With the bar charts, we can visually see what the summary statistics told us before, in that Engineering's frequency stops just below 30 majors, making it the category with the most majors.

However, it goes beyond the summary statistics by showing us the frequencies of the other four categories. We can see that Engineering outstrips the other four in frequencies by nearly double. After Engineering, the rest fall within a similar ballpark to each other.


#### Attribute 3: Total

In [60]:
#bringing back summary statistics for 'Total' column
stem['Total'].describe()

count        76.000000
mean      25515.289474
std       43998.008553
min         609.000000
25%        3782.000000
50%       11047.500000
75%       27509.250000
max      280709.000000
Name: Total, dtype: float64

There are 76 counts of values in this column. Further, we see the major with the lowest amount of graduates has just 609 graduates. The highest amount of graduates within a certain major comes in at 280,709 graduates. This is a large  spreaded range of data. 

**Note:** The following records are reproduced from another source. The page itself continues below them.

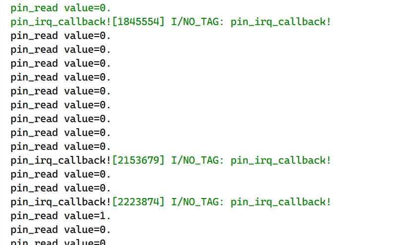 试了和你一样的代码,没有死机,能够输出pin_read value=1;但是会一直一直进入中断输出"pin_irq_callback!"。
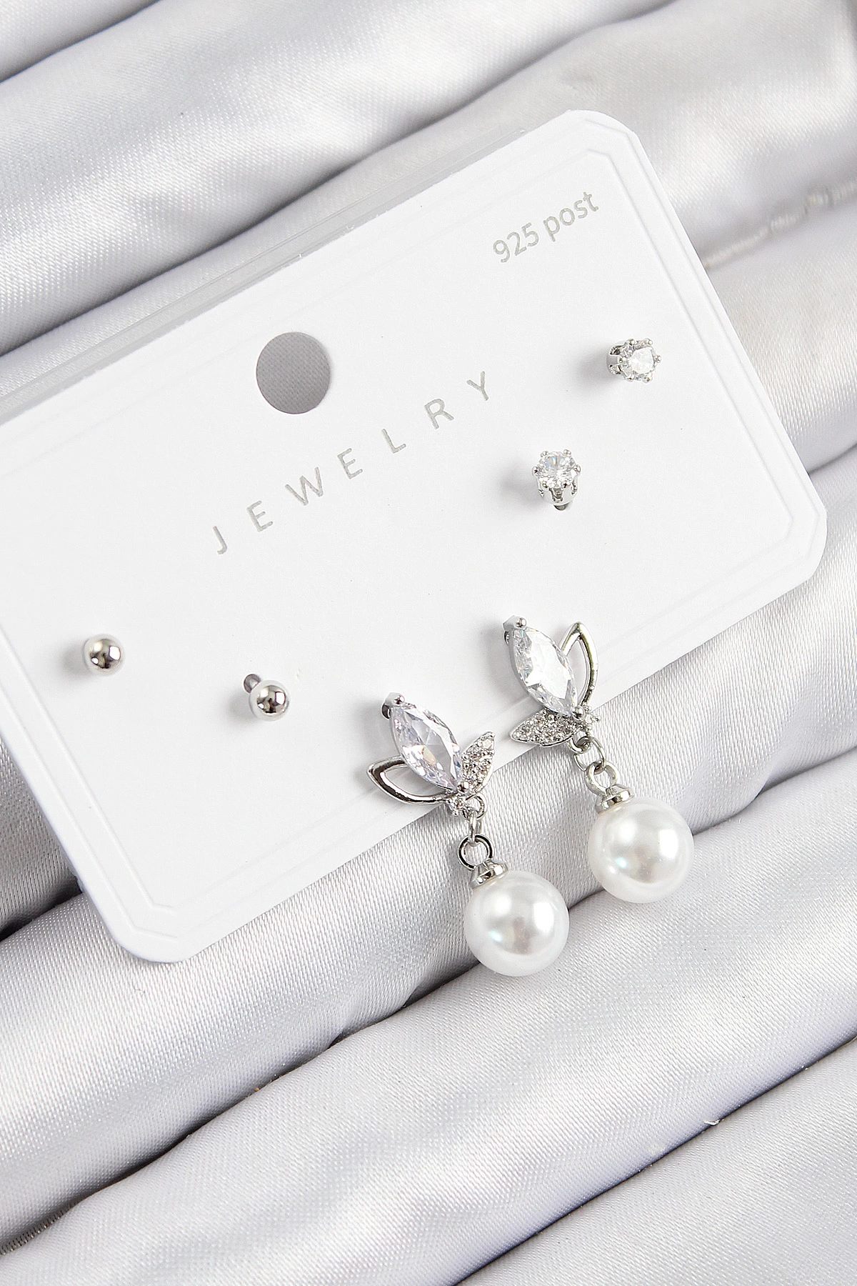 Pirinç Zirkon Taşlı İnci Sallantılı Damla Model Gümüş Renk 925 Ayar Gümüş Çivi Kadın Küpe Set
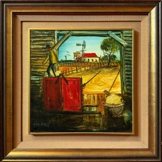Pro Hart (1928-2006) - Large Original Oil Painting On Board 'The Woolpresser' 29.5cm x 29.5cm
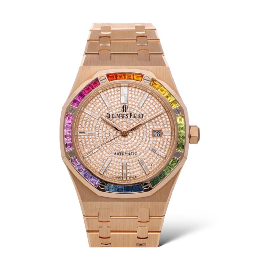 This luxurious timepiece is a stunning display of craftsmanship and extravagance. The 41mm case is crafted from 18kt rose gold and features the iconic octagonal Royal Oak design with an eye-catching rainbow set bezel. The bezel is adorned with vibrant sapphires, gradually changing color to create a spectacular spectrum across the watch face.
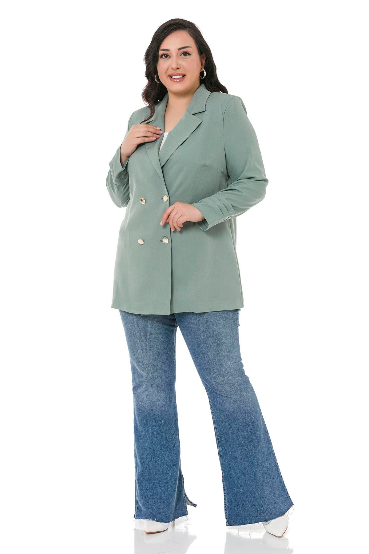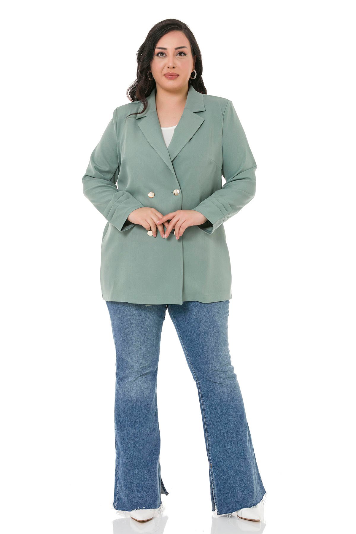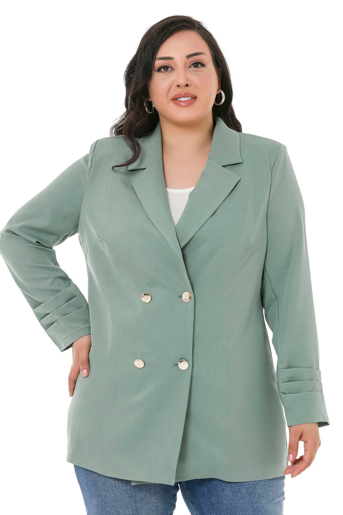 Plus Size Mono Collar Closing Sleeve Pleated Mint Unlined Jacket
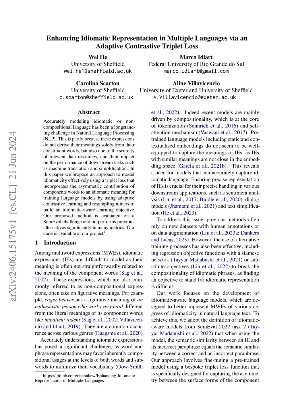 Accurately modeling idiomatic or non-compositional language has been a longstanding challenge in Natural Language Processing (NLP). This is partly because these expressions do not derive their meanings solely from their constituent words, but also due to the scarcity of relevant data resources, and their impact on the performance of downstream tasks such as machine translation and simplification. In this paper we propose an approach to model idiomaticity effectively using a triplet loss that incorporates the asymmetric contribution of components words to an idiomatic meaning for training language models by using adaptive contrastive learning and resampling miners to build an idiomatic-aware learning objective. Our proposed method is evaluated on a SemEval challenge and outperforms previous alternatives significantly in many metrics.
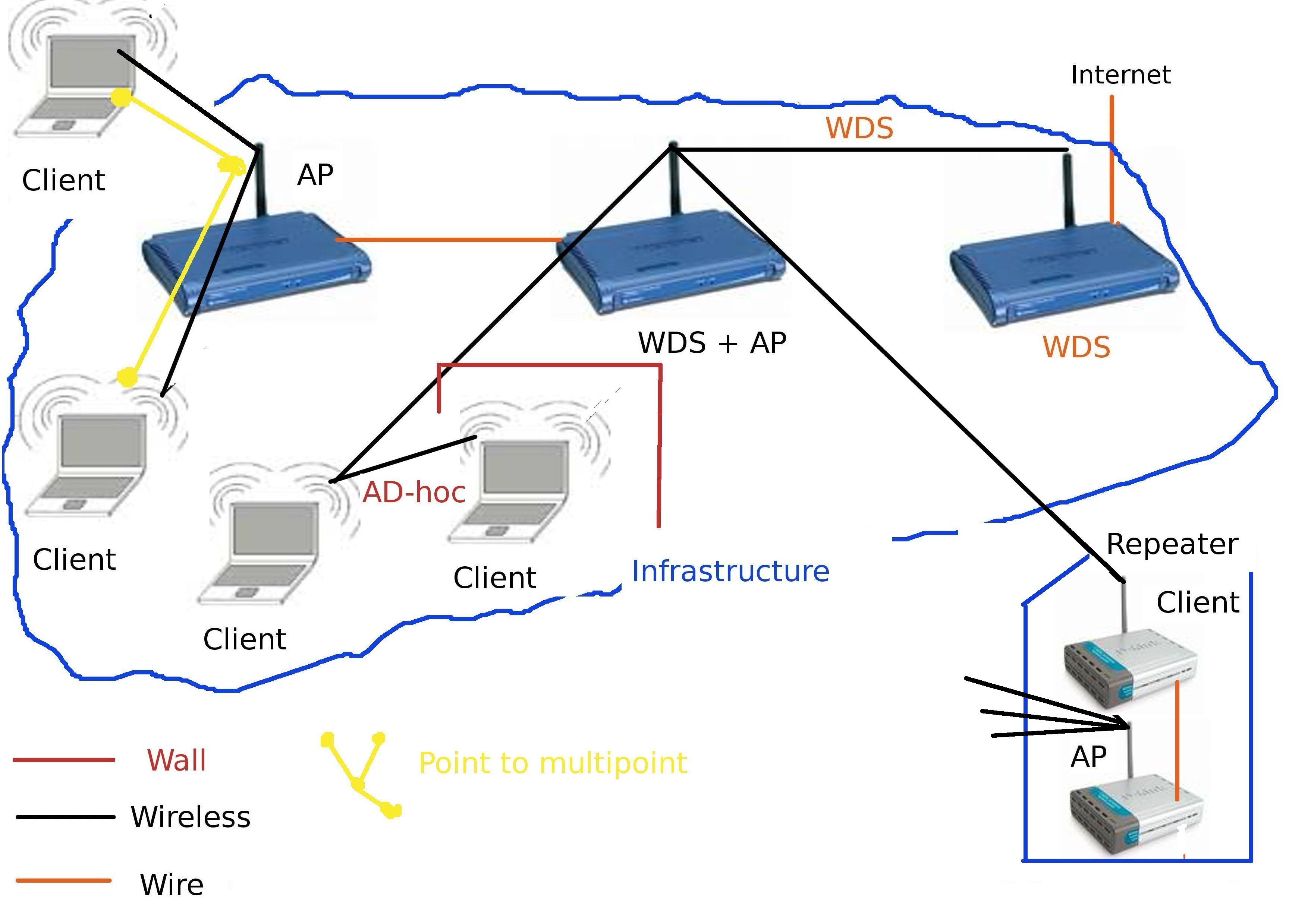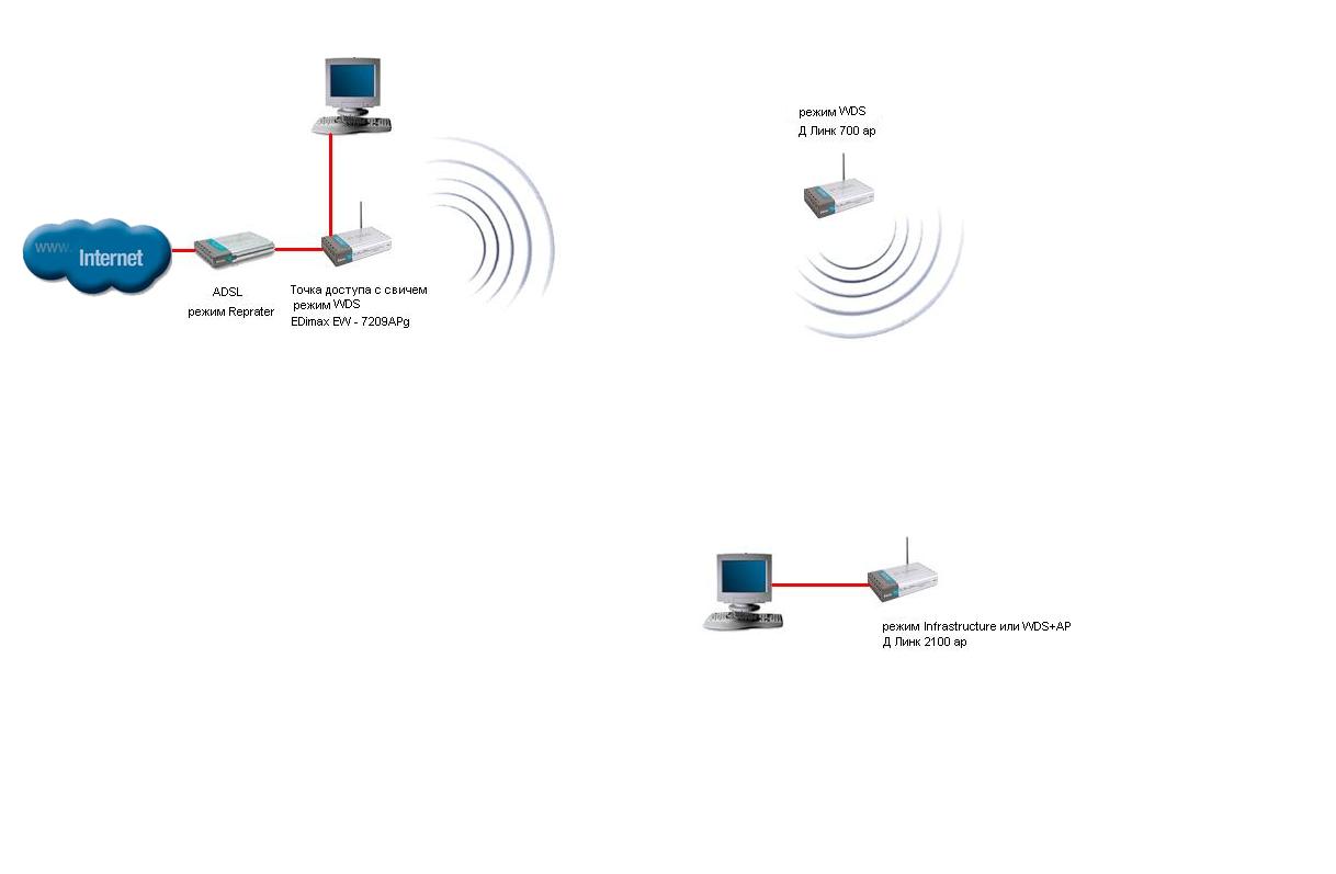ilia_2s Posted March 2, 2009 Posted March 2, 2009 (edited) 1 Access Point - позволяет многим беспроводным клиентам произвести к этой точке подключение (за точкой обычно какая-либо сеть или сервис, например интернет) 2 Ad-Hoc - http://ru.wikipedia.org/wiki/%D0%91%D0%B5%...82%D1%8C_ad_hoc 3 Infrastructure - режим крупной сети, с несколькими точками, доработка для обеспечения более качественного совместного функционала точек. 4 Poin to Point - из точки в точку, только одна железка соединяется только с другой 5 Point to Multi-Point точка доступа обеспечивает данный режим, по сути 6 WDS - мост между точками, используется для их обхединения и построения распределенных беспроводных сетей 7 WDS-AP точки соединяются вместе (режим WDS), при этом каждая также работает в режиме AP 8 Client - устройство, то что подключается к точке доступа или используется в любой из этих технологий. 9 Reprater - принимает сигнал удаленного устройства (клиент) и транслирует его, может использоваться в различных технологиях. Есть нюансы для рассуждений, по каждому из пунктов. Если что конкретно интересует, спрашивайте. Главное понять принцип, остальное вариации. В стандарте вобще только AP. Вобще надо картиночку нарисовать, так будет проще понять Edited March 4, 2009 by skydiver Вставить ник Quote

Interestingly, with the mean available to us, we can also determine the amount of graduates studied. The mean is the sum of all the items divided by the number of items.
Therefore: 

Mean = (sum of all items/number of items)

25,515 = x / 76

x = Approx. 1.93 million 

Nearly 1.93 million stem graduates were recorded for this dataset (assuming each of these graduates only did that one major and did not do a double major in another stem field).

Now I'll plot this attribute into a histogram and a boxplot:

In [61]:
#create a new space for the graph
fig=plt.figure(4)
# assign the first subplot in the figure
plt.subplot(121)
#plot a histogram of 'Total' values in the first suplot 
plt.hist(stem['Total'])
# assign the second subplot in the figure
plt.subplot(122)
#plot a boxplot of 'Total' values in the second suplot 
plt.boxplot(stem['Total'])

<IPython.core.display.Javascript object>

{'whiskers': [<matplotlib.lines.Line2D at 0x1194a52e0>,
  <matplotlib.lines.Line2D at 0x11acd2550>],
 'caps': [<matplotlib.lines.Line2D at 0x1193521c0>,
  <matplotlib.lines.Line2D at 0x119352790>],
 'boxes': [<matplotlib.lines.Line2D at 0x1194a51c0>],
 'medians': [<matplotlib.lines.Line2D at 0x11acc2be0>],
 'fliers': [<matplotlib.lines.Line2D at 0x11ad0deb0>],
 'means': []}

From both graphs, we can see the data is skewed to the right. Most values of 'Total' are less than 50,000, as can be seen from the tall portion of the histogram. The strength of the boxplot is that the spread and outliers can be seen clearly. At least 75% of the data is kept within the 50,000 value. After that, we have a few outliers between the 50,000 and 100,000 mark. Finally, we have 3 significant outliers after the 100,000 mark. Therefore, most majors have a total of 50,000 graduates or less. A few majors have between 50,000 and 100,000 graduates. Only 3 majors have more than 100,000 graduates. 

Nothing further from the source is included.